| Exercise prompt |
Beginning at the line containing "Vliesové tapety na", repeat each line below exactly up to and including the line containing "福中龍ノ介さんの総運は39画の5点!". Do not repeat the pictures.

| Information supplied |

+--

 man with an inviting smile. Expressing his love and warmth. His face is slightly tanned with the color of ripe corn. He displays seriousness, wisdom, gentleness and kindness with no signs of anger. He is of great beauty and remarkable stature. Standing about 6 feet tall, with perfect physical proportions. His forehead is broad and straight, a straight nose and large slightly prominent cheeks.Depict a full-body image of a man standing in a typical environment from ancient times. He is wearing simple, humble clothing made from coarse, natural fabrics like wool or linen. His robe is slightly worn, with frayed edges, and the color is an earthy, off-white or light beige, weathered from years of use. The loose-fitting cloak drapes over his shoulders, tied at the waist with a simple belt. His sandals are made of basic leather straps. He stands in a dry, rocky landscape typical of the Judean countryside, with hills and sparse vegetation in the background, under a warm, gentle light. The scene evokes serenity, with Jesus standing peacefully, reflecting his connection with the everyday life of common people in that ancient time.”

+--

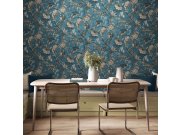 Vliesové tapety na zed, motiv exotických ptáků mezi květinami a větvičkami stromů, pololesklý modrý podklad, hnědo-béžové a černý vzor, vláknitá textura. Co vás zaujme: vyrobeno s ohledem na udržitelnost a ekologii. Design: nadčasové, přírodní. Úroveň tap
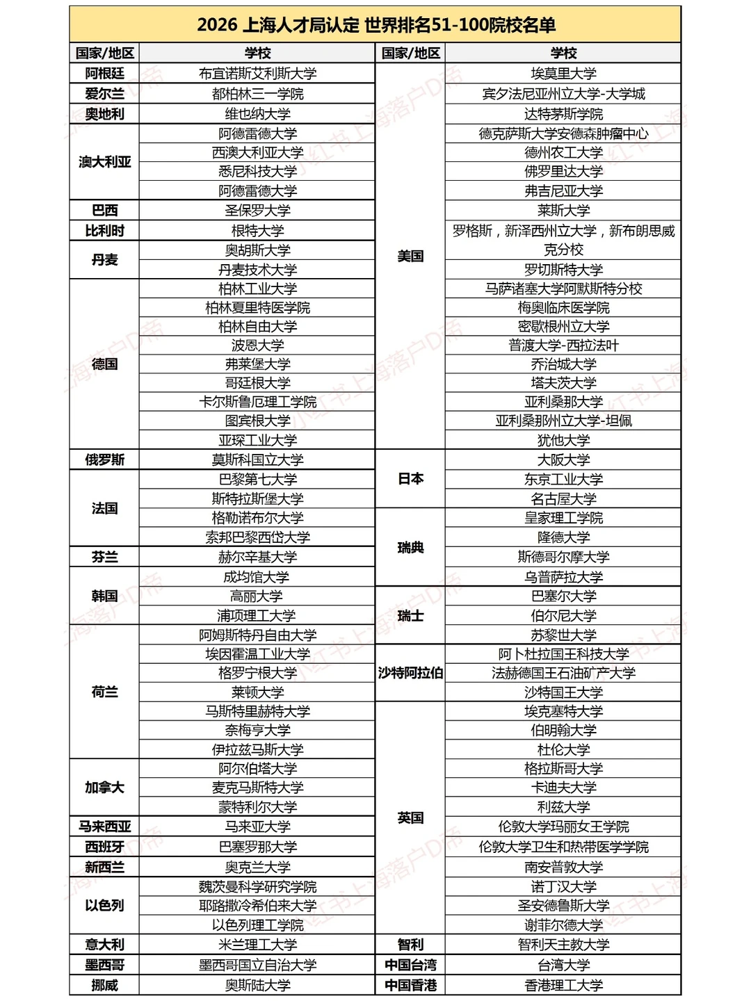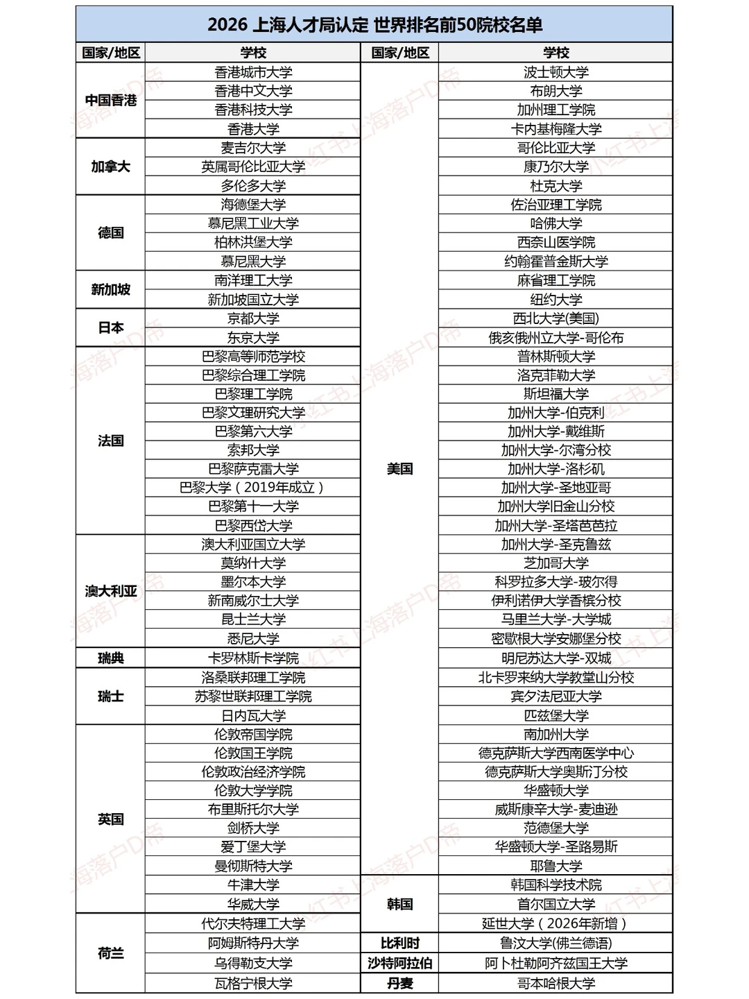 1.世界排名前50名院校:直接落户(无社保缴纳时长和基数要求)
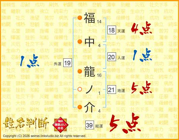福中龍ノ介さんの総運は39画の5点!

+--

| Output of the exercise |
 Vliesové tapety na zed, motiv exotických ptáků mezi květinami a větvičkami stromů, pololesklý modrý podklad, hnědo-béžové a černý vzor, vláknitá textura. Co vás zaujme: vyrobeno s ohledem na udržitelnost a ekologii. Design: nadčasové, přírodní. Úroveň tap
 1.世界排名前50名院校:直接落户(无社保缴纳时长和基数要求)
福中龍ノ介さんの総運は39画の5点!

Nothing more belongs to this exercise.